▸ AIM OF THE EXERCISE: Repeat the entries below exactly. Drop the pictures.

[Dataset records]
*** Block opens ***

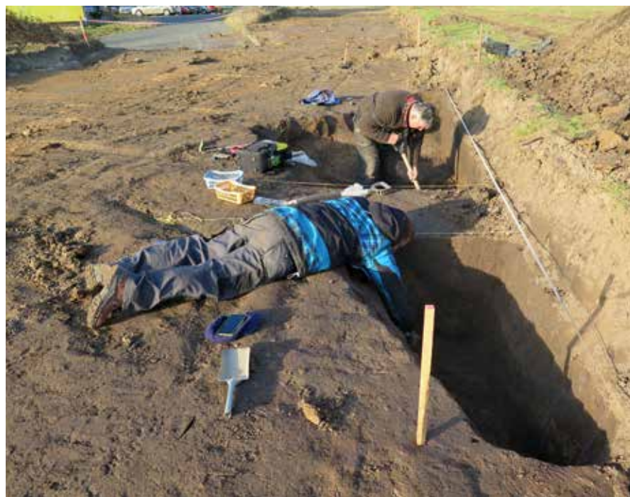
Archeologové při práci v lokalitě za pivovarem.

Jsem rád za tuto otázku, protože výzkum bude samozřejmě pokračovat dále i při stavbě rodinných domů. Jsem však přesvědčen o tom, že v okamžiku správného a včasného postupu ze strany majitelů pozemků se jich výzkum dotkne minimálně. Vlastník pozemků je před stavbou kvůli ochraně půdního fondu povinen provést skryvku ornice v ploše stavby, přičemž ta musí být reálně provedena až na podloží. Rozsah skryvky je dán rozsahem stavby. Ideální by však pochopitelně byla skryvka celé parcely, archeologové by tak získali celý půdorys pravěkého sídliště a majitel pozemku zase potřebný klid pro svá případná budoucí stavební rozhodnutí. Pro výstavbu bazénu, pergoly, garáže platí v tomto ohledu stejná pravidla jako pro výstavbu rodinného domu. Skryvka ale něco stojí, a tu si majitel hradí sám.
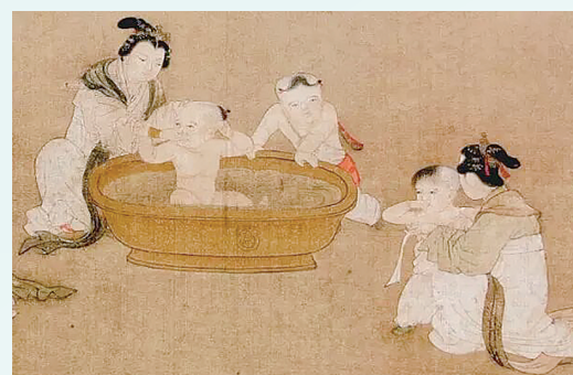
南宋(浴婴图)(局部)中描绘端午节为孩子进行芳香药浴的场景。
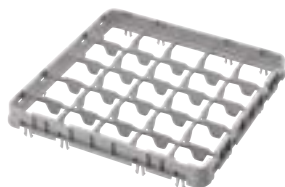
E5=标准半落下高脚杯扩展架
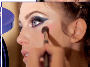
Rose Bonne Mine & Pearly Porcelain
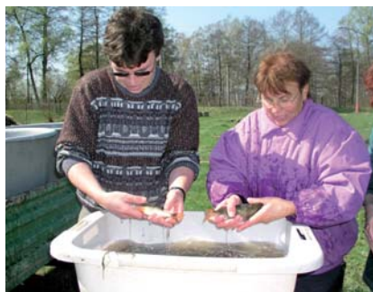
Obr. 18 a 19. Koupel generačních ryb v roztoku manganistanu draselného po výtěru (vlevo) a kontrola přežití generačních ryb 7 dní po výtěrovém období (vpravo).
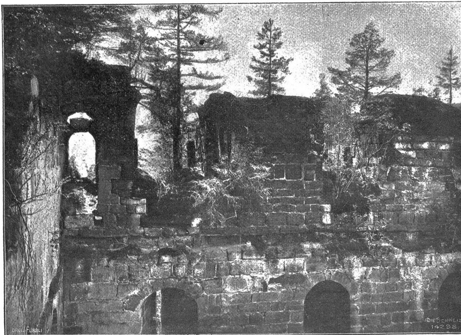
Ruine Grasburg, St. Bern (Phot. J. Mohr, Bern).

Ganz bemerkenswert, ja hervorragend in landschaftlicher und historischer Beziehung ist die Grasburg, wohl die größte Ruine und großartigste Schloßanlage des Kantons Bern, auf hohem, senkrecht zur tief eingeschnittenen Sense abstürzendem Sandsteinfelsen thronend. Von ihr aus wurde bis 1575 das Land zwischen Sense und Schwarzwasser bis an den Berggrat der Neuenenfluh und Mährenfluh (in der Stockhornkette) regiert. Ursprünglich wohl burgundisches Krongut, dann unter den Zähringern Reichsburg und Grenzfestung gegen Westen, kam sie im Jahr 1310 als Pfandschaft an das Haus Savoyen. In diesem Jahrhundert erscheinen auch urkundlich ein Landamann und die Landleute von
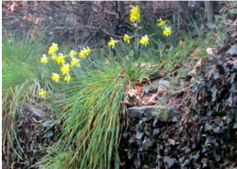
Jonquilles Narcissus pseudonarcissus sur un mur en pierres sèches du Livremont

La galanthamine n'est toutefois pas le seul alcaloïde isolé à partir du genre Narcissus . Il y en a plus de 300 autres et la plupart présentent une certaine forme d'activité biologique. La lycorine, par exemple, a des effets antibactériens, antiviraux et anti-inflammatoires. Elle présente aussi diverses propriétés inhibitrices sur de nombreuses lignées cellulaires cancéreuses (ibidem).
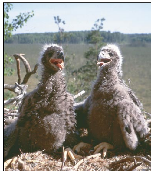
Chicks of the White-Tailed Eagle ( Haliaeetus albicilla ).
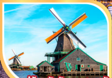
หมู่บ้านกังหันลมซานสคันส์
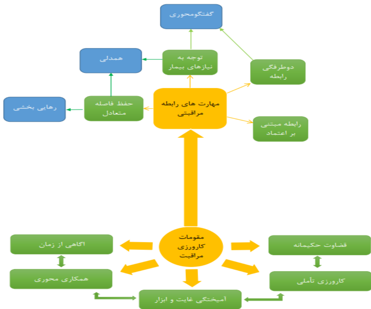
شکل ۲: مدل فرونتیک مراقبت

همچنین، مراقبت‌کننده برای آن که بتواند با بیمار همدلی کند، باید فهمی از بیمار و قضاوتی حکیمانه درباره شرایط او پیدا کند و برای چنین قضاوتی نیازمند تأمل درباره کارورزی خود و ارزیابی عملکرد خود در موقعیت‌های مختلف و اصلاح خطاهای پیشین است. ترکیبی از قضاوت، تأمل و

*** Block closes ***

▸ SOLUTION TO THIS EXERCISE:
Archeologové při práci v lokalitě za pivovarem.

Jsem rád za tuto otázku, protože výzkum bude samozřejmě pokračovat dále i při stavbě rodinných domů. Jsem však přesvědčen o tom, že v okamžiku správného a včasného postupu ze strany majitelů pozemků se jich výzkum dotkne minimálně. Vlastník pozemků je před stavbou kvůli ochraně půdního fondu povinen provést skryvku ornice v ploše stavby, přičemž ta musí být reálně provedena až na podloží. Rozsah skryvky je dán rozsahem stavby. Ideální by však pochopitelně byla skryvka celé parcely, archeologové by tak získali celý půdorys pravěkého sídliště a majitel pozemku zase potřebný klid pro svá případná budoucí stavební rozhodnutí. Pro výstavbu bazénu, pergoly, garáže platí v tomto ohledu stejná pravidla jako pro výstavbu rodinného domu. Skryvka ale něco stojí, a tu si majitel hradí sám.
南宋(浴婴图)(局部)中描绘端午节为孩子进行芳香药浴的场景。
E5=标准半落下高脚杯扩展架
Rose Bonne Mine & Pearly Porcelain
Obr. 18 a 19. Koupel generačních ryb v roztoku manganistanu draselného po výtěru (vlevo) a kontrola přežití generačních ryb 7 dní po výtěrovém období (vpravo).
Ruine Grasburg, St. Bern (Phot. J. Mohr, Bern).

Ganz bemerkenswert, ja hervorragend in landschaftlicher und historischer Beziehung ist die Grasburg, wohl die größte Ruine und großartigste Schloßanlage des Kantons Bern, auf hohem, senkrecht zur tief eingeschnittenen Sense abstürzendem Sandsteinfelsen thronend. Von ihr aus wurde bis 1575 das Land zwischen Sense und Schwarzwasser bis an den Berggrat der Neuenenfluh und Mährenfluh (in der Stockhornkette) regiert. Ursprünglich wohl burgundisches Krongut, dann unter den Zähringern Reichsburg und Grenzfestung gegen Westen, kam sie im Jahr 1310 als Pfandschaft an das Haus Savoyen. In diesem Jahrhundert erscheinen auch urkundlich ein Landamann und die Landleute von
Jonquilles Narcissus pseudonarcissus sur un mur en pierres sèches du Livremont

La galanthamine n'est toutefois pas le seul alcaloïde isolé à partir du genre Narcissus . Il y en a plus de 300 autres et la plupart présentent une certaine forme d'activité biologique. La lycorine, par exemple, a des effets antibactériens, antiviraux et anti-inflammatoires. Elle présente aussi diverses propriétés inhibitrices sur de nombreuses lignées cellulaires cancéreuses (ibidem).
Chicks of the White-Tailed Eagle ( Haliaeetus albicilla ).
หมู่บ้านกังหันลมซานสคันส์
شکل ۲: مدل فرونتیک مراقبت

همچنین، مراقبت‌کننده برای آن که بتواند با بیمار همدلی کند، باید فهمی از بیمار و قضاوتی حکیمانه درباره شرایط او پیدا کند و برای چنین قضاوتی نیازمند تأمل درباره کارورزی خود و ارزیابی عملکرد خود در موقعیت‌های مختلف و اصلاح خطاهای پیشین است. ترکیبی از قضاوت، تأمل و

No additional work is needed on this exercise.